Apolipoprotein (apo) A-I contents of serum HDL subpopulations in 292 subjects were determined by two-dimensional gel electrophoresis in conjunction with immunodection.
With the decrease of serum HDL-C levels, the apoA-I contents of pre beta1-HDL and HDL3b increased and were significantly higher (P<0.01; P<0.05) in the low HDL-C group than in the high HDL-C group. But on the contrary, with the decrease of serum HDL-C levels, the apoA-I contents of HDL2b and HDL2a decreased and were significantly lower (P<0.01) in the middle and low HDL-C groups than in the high HDL-C group. With the increase of serum LDL-C levels, the apoA-I contents of pre beta1-HDL, HDL3C and HDL3b increased; the apoA-I contents of pre beta1-HDL and HDL3b were significantly higher in the high LDL-C group (P<0.05) and very high LDL-C group (P<0.01), and those of HDL3C were also significantly higher in the very high LDL-C group (P<0.01). But on the contrary, with the increase of LDL-C levels, the apoA-I contents of HDL2b decreased and were significantly lower in the high LDL-C group (P<0.05) and very high LDL-C group (P<0.01) when compared with the apoA-I contents of the desirable LDL-C group.

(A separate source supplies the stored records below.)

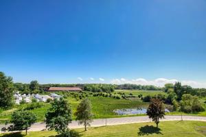 Questo appartamento con balcone e vista sul lago presenta 1 camera da letto, un soggiorno, una TV a schermo piatto, un angolo cottura con frigorifero e lavastoviglie e 1 bagno con doccia.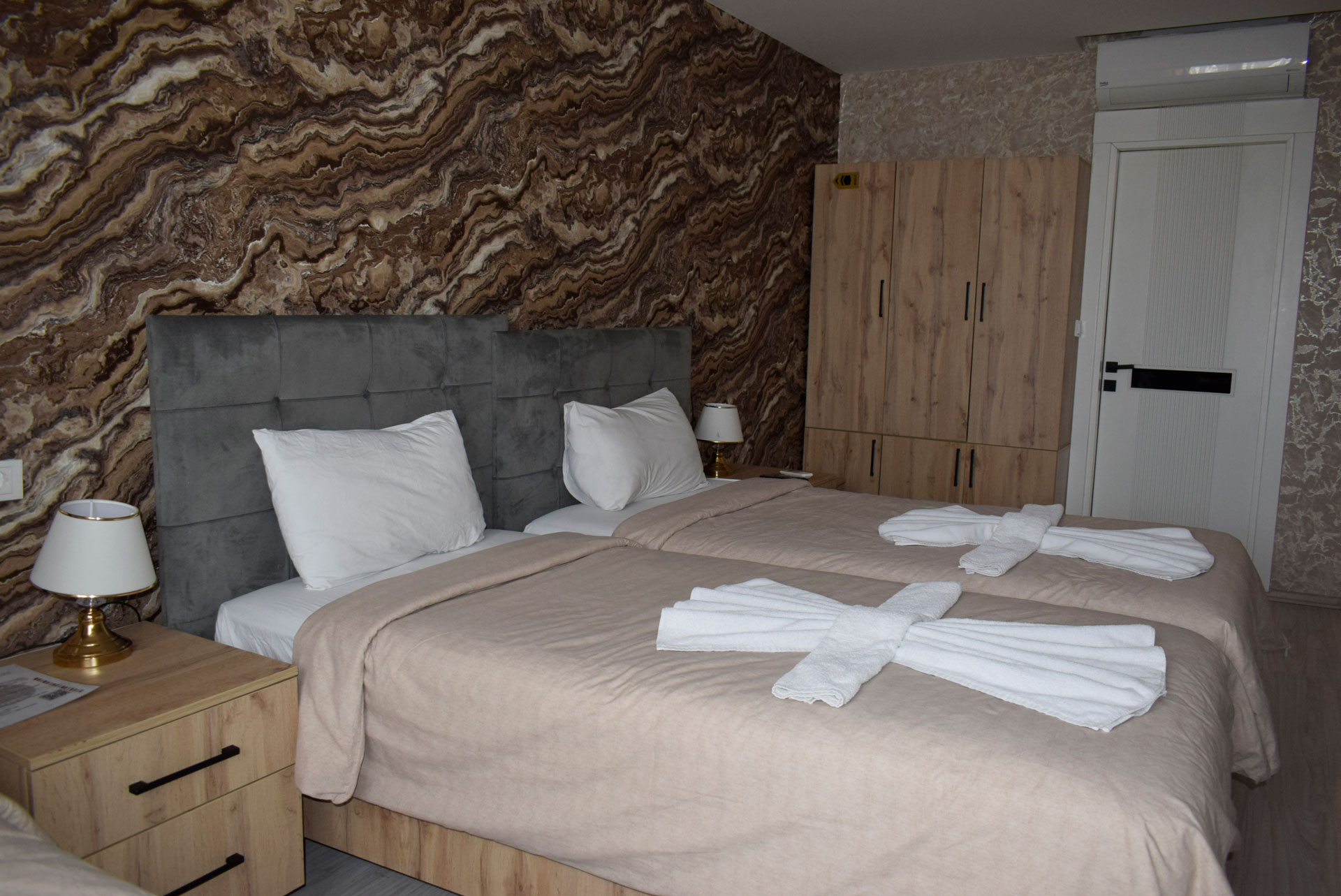 Tüm odalarımız; konforunuz düşünülerek mini buzdolabı, televizyon, ücretsiz Wi-Fi erişimi, 24 saat sıcak su, çay ve kahve ikramı ile elbise dolabı donanımlarıyla eksiksiz olarak hizmetinize sunulmaktadır.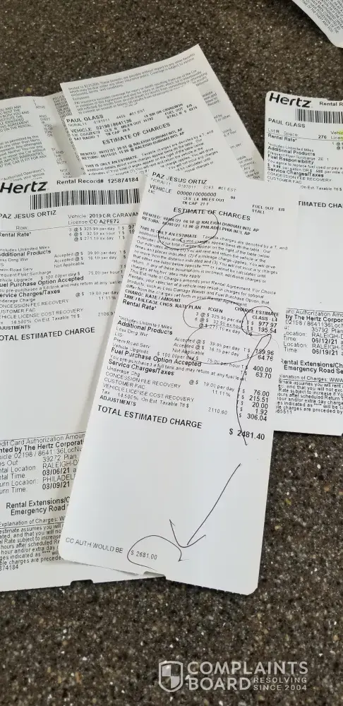 I was charged additional 'fees" that were not on my contract. They charged my VISA additional "hidden fees although my contract states all taxes and fees included . I have contacted Hertz but the customer service is awful. They claim the contract is an estimate and they have hidden fees they charge to your credit card after such as 'levies and taxes not listed'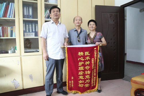 近日,袁老先生携老伴带着锦旗和亲手书写的感谢信,来临床医学院/附属医院找到纪委刘英明书记,向临床医学院/附属医院神经外科全体医护人员表达深深的感激之情。

With the decrease of serum HDL-C levels or increase of serum LDL-C levels, the small-sized HDL increased and the large-sized HDL decreased; furthermore, the HDL-C levels were more closely related to the components of the large-sized HDL (HDL2a, HDL2b).
Sichuan da xue xue bao. Yi xue ban = Journal of Sichuan University. Medical science edition 02/2005; 36(1):24-7.